Another 915 vote. It lasts a bit longer than the AG wax and also is a fair bit cheaper.


----------



## dubmike (Jan 26, 2009)

Another one for 915, really durable, very good finish on darker colours and very very well priced :thumb:


----------



## ChrisD (Mar 7, 2009)

AG HD for myself, slightly better gloss which is always good!


----------



## Anzafin (May 18, 2008)

I think this is not going to make this any easier .
More opinions please.


----------



## freon warrior (May 31, 2006)

I have both, there really is not between them in looks. I do like HD but for value for money and durability, go fo 915.


----------



## Dipesh (Oct 12, 2007)

915 here too. Its fantastic. Its a very very good all rounder.


----------



## Serious (Mar 19, 2008)

Personally 915

some reading for you :thumb:

http://www.detailingworld.co.uk/forum/showthread.php?t=76435&highlight=wax+test

http://www.detailingworld.co.uk/forum/showthread.php?t=79801


----------



## CliveP (Feb 1, 2009)

I'm very impressed with 915.....


----------



## -Kev- (Oct 30, 2007)

colly 915 for me too


----------



## Anzafin (May 18, 2008)

Thank you all!

Am I getting it right that 915 comes in a metal can like paint cans?
Is this causing any problems?


----------



## freon warrior (May 31, 2006)

Anzafin said:


> Thank you all!
> 
> Am I getting it right that 915 comes in a metal can like paint cans?
> Is this causing any problems?


1Yes
2 No

:thumb:


----------



## Avanti (Jan 17, 2006)

John-R- said:


> 915 for me :thumb: if nothing else for the amount of time it lasts once applied
> 
> John


Heh heh , you make it sound as if AG HD is not durable or detergent proof, mine lasted 3 months easily and constant washing with AG pressure wash, that was just one coat as well,and nothing applied in between washes, I would imagine out of the two products AG will be 'easier' to apply thanks to it's longer curing time :thumb: however price has to be considered as well and AG HD can be had from between £20-£40.


----------



## -Kev- (Oct 30, 2007)

Anzafin said:


> Thank you all!
> 
> Am I getting it right that 915 comes in a metal can like paint cans?
> Is this causing any problems?


why would the type of container its in pose a problem? unless you intend putting the tub onto the paintwork..


----------



## Anzafin (May 18, 2008)

fiestadetailer said:


> why would the type of container its in pose a problem? unless you intend putting the tub onto the paintwork..

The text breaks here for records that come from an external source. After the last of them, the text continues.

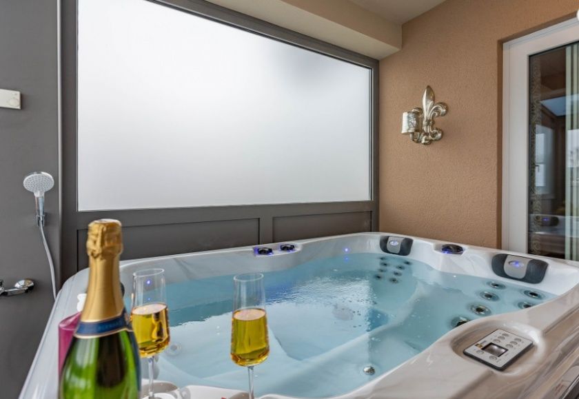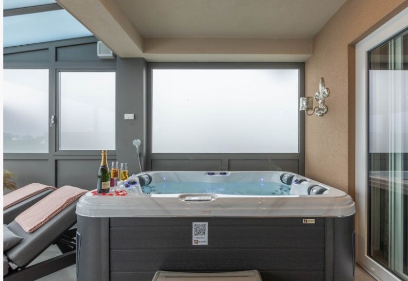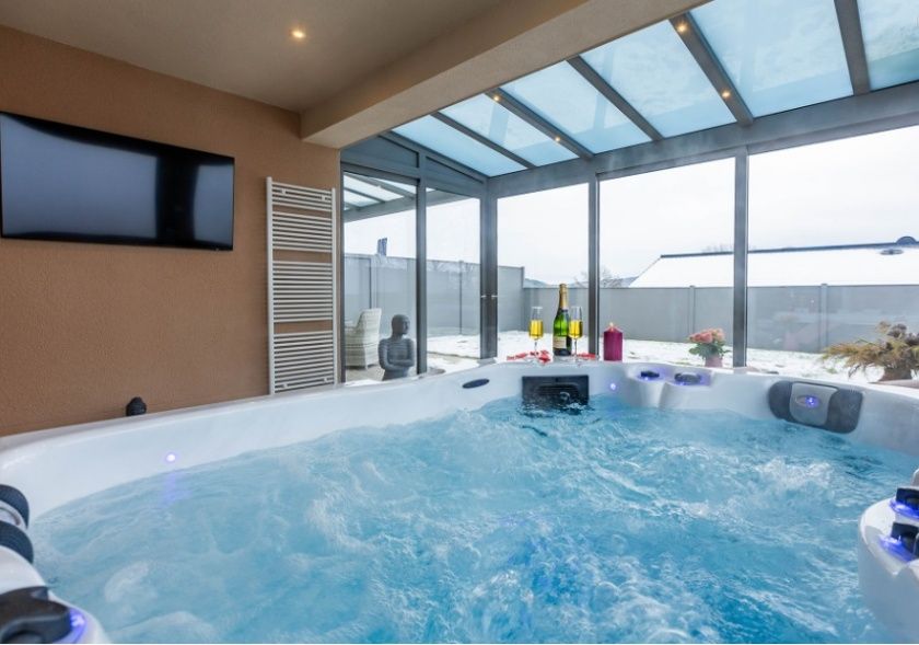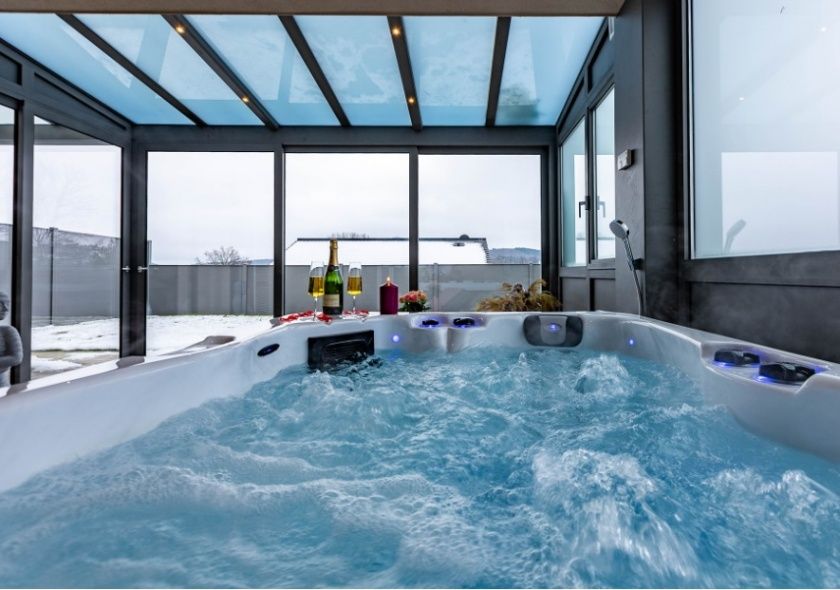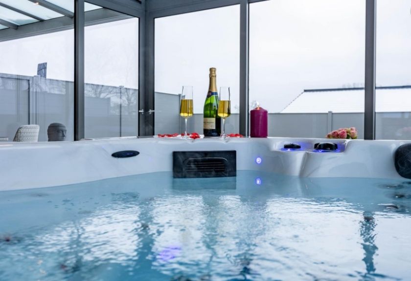 Bringen Sie Körper und Geist in Einklang und tauchen Sie ab in die wohlige Wärme und das prickelnde Erleben unseres exklusiven Whirlpools. Im Bereich des Wintergartens mit Blick auf den angrenzenden Garten oder den Fernseher, bietet unser Whirlpool Ihnen alles, um durch eine kleine Auszeit ausgeglichen und erholt durchzustarten.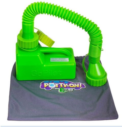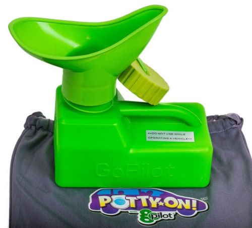 - Feature : Ever try to take a family road trip with children? Ever try to run errands with a potty training child? If you answered YES to either of these you NEED a Potty On! portable urinal system and NEVER worry when you hear "I hafta pee!" ever again! / NOTE: DUE TO THE NATURE OF THE PRODUCT, NO RETURNS ARE ACCEPTED / The Potty On! is made by the same people who brought us The GoPilot Portable Urinal and is a lifesaver to parents and children! It is a bright neon green color that is gender neutral and consists of a quart sized tank, an accordion style tube (for boys) and also a female adapter for girls to use. The tube is adjustable so boys have an easier time angling it 'just right' to prevent leakage or overflow. The female adapter can twist onto the tank or the tube! The Potty On! is ideal for sitting, laying, or standing!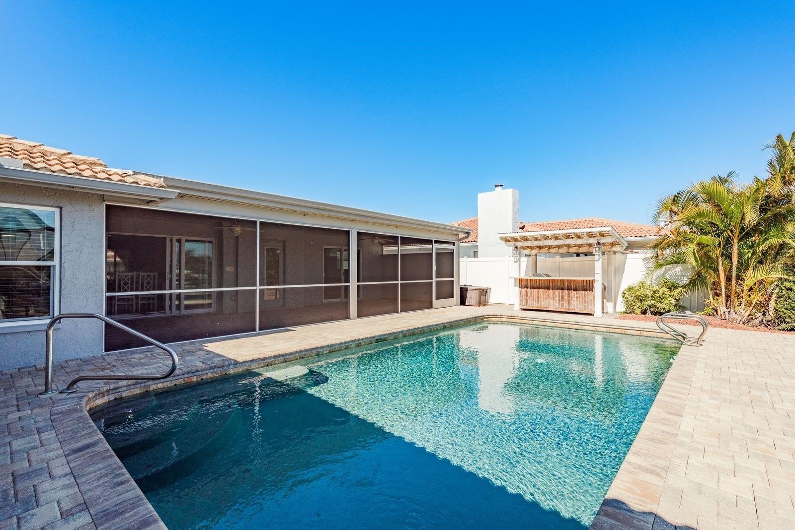 One or more photo(s) has been virtually staged. Welcome home to this beautifully remodeled waterfront retreat, set on a wide, deep-water canal with quick access to open Gulf waters, perfect for large boats and sailboats alike. A striking circular paver driveway sets the tone as you arrive at this 3-bedroom, 3-bath residence with a 2-car attached garage. Inside, the open concept living, dining, and family rooms are finished with tile flooring and flow seamlessly into a stunning kitchen featuring a large quartz peninsula breakfast bar, gas stove, and stainless-steel appliances. All three bathrooms have been tastefully remodeled with glass-enclosed showers, rain showerheads, and new vanities topped with quartz counters. Wood-plank tile flooring extends through all bedrooms and baths. Impact-rated windows and doors provide peace of mind, and the entire home has been thoughtfully updated throughout. Step outside to the expansive screened lanai overlooking the heated Pebble Tec pool, waterfront, and beautifully landscaped grounds, complete with an outdoor bar—ideal for entertaining. Boaters will appreciate the dock with a 10,000-lb lift plus a floating dock. Enjoy watching dolphins and local wildlife, or head out for fishing, watersports, and island hopping just minutes from your backyard. The Gulf Harbors community offers a private beach with cabanas and grills, enhancing the true Florida lifestyle at its best! Conveniently located near major roads, shopping, dining, medical facilities, airports, golf, and renowned beaches. Schedule your private showing today and experience waterfront living at its finest.

I just thought that once opened how well will it (the lid) stay in place?


----------



## -Kev- (Oct 30, 2007)

Anzafin said:


> I just thought that once opened how well will it (the lid) stay in place?


goes back on mine fine, just make sure to push it on properly


----------



## pete001 (Dec 21, 2006)

Another vote for 915 here bought some AG HD wax when it first came out not impressed at all.


----------



## Anzafin (May 18, 2008)

Ok. Ordering Collinite now.
Thank you all!


----------



## Avanti (Jan 17, 2006)

pete001 said:


> Another vote for 915 here bought some AG HD wax when it first came out not impressed at all.


have you got rid of the HD?


----------



## Andrew V8 (Feb 19, 2009)

I have been following this thread as I ahve the same problem. Collinite for me too


----------



## GSVHammer (Feb 7, 2009)

The only wax I have tried is Collinite 915. Beads very nicely, easy to apply and is durable.


----------



## Avanti (Jan 17, 2006)

GSVHammer said:


> The only wax I have tried is Collinite 915. Beads very nicely, easy to apply and is durable.


Truth of the matter is all hard paste waxes are durable :thumb:


----------



## pete001 (Dec 21, 2006)

Avanti said:


> have you got rid of the HD?


Yep sold it


----------